In State National Bank of El Paso, Tex. Cantrell, 46 N.M. 268, 127 P.2d 246, 249, is Court, in discussing the rule, said:

"It is not proper for the trial court to refuse a proposed specific finding of an ultimate fact within the issues supported by substantial evidence, believed by the Court and necessary to determine the issues in the case. "In the case at bar the trial court, in the course of the proceedings, seemed to have taken a view reflected by the plaintiff's requested findings of *1077 fact and conclusion of law. We are unable to know with any degree of certainty, what ultimate facts deemed by the trial court to be established caused it to arrive at its decision contained in the judgment."

Also see Laumbach v. Laumbach, 58 N.M. 248, 270 P.2d 385.

Other questions not presently material to a decision are presented on appeal. The cause will be remanded with instructions, after due notice to the parties, to make findings of fact and conclusions of law, solely upon issues incident to or consequent on appellee's default, if any, and render appropriate judgment thereon. Objections and exceptions to the proceedings may be made by the parties and if aggrieved by rulings thereon, provisions of paragraph 10, Rule XIV of the Rules of Appellate Procedure, relating to supplemental transcripts on second appeal will be available to them.
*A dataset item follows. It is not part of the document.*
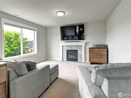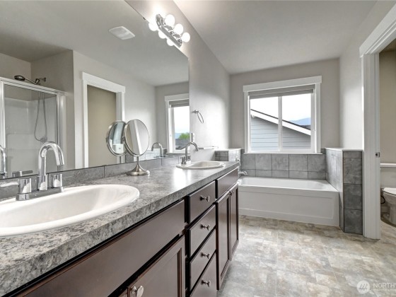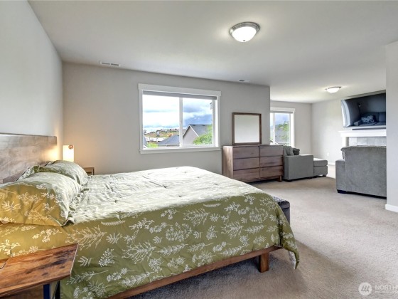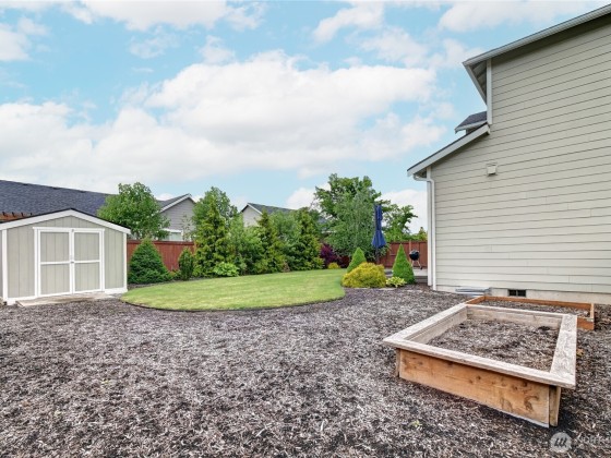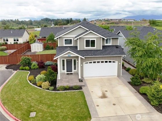 Pride of ownership! Beautiful Summer Sun Estate home on large corner lot great for entertaining w/large patio, garden space, shed & rm for an RV! The home features grand entryway, leading to a great rm concept layout, that includes dining space, living rm w/gas fireplace, open kitchen w/island, granite countertops, stainless steel appliances & tile backsplash. Den/Office space w/French doors adjacent to dining rm. Upstairs the primary bedroom has a hotel suite vibe w/a view of Mtn Baker, seating area w/gas fireplace & electric window shades, walk in closet & large 5-piece bath. Two additional bedrooms connected via a Jack & Jill style bath & laundry rm complete the 2nd floor. Wonderful move in ready home, AC included for warm summer days!

The judgment is otherwise affirmed, and It Is So Ordered.

LUJAN, SADLER and KIKER, JJ., concur.

McGHEE, J., dissenting in part.

McGHEE, Justice (dissenting in part).

Too many questions posed by this appeal are left unanswered in the majority opinion.

In this case issues were made and evidence was tendered and received as to the amount of payments made, the amounts claimed to be due, the arrangement for custody and the respective blame of the mother and father in the matter of the failure of the father to have actual custody of Bonita under the provisions of the court approved agreement. Findings of fact and conclusions of law on the points were requested by each of the parties. The trial court made no findings respecting the culpability of the parties as to the custody situation and did not pass upon the legal propositions.

In my view, aside from the factual question as to the culpability of the parents, there are properly before this Court the following questions of law: What is the basis on which the default of the defendant is to be determined? Has the Washington decree spent its force with the approval of the agreement of the parties made subsequent thereto; or, upon default by the father upon the agreement, if such be found, is the Washington decree reinstated? Or is the monetary default of the father to be arrived at on the basis of $25 per month for the summer months during which the mother was awarded custody under the approved agreement? And what about the months during the school years when the mother had actual custody of the child, but custody under the approved agreement was to be in the father? Could it be said there was a tacit agreement to accept the $25 per month set for the summer months as support during the winter or school months that the mother cared for Bonita, or should the mother recover on an alternative basis of quantum meruit, or recover nothing at all for such months?

None of these questions, except possibly by implication the one about the force of the Washington decree, have been answered.

Not only were these matters litigated, but they formed the substantial issues of the trial. It is possible that a determination of the correct legal principles controlling these questions might disclose that culpability of the parents is not the decisive factor in determining liability for support, in which event this case perhaps could have been remanded only for the trial court to compute the arrearages, and that would be the end of it.

As the trial court may make findings and conclusions objectionable to one side or the other, with no direction in these matters, and as the legal questions appear to me to be properly before us on this appeal, it seems wrong to direct the plaintiff and defendant to bring them back on a second appeal.

I must, therefore, dissent from the refusal of the majority to pass upon these important questions.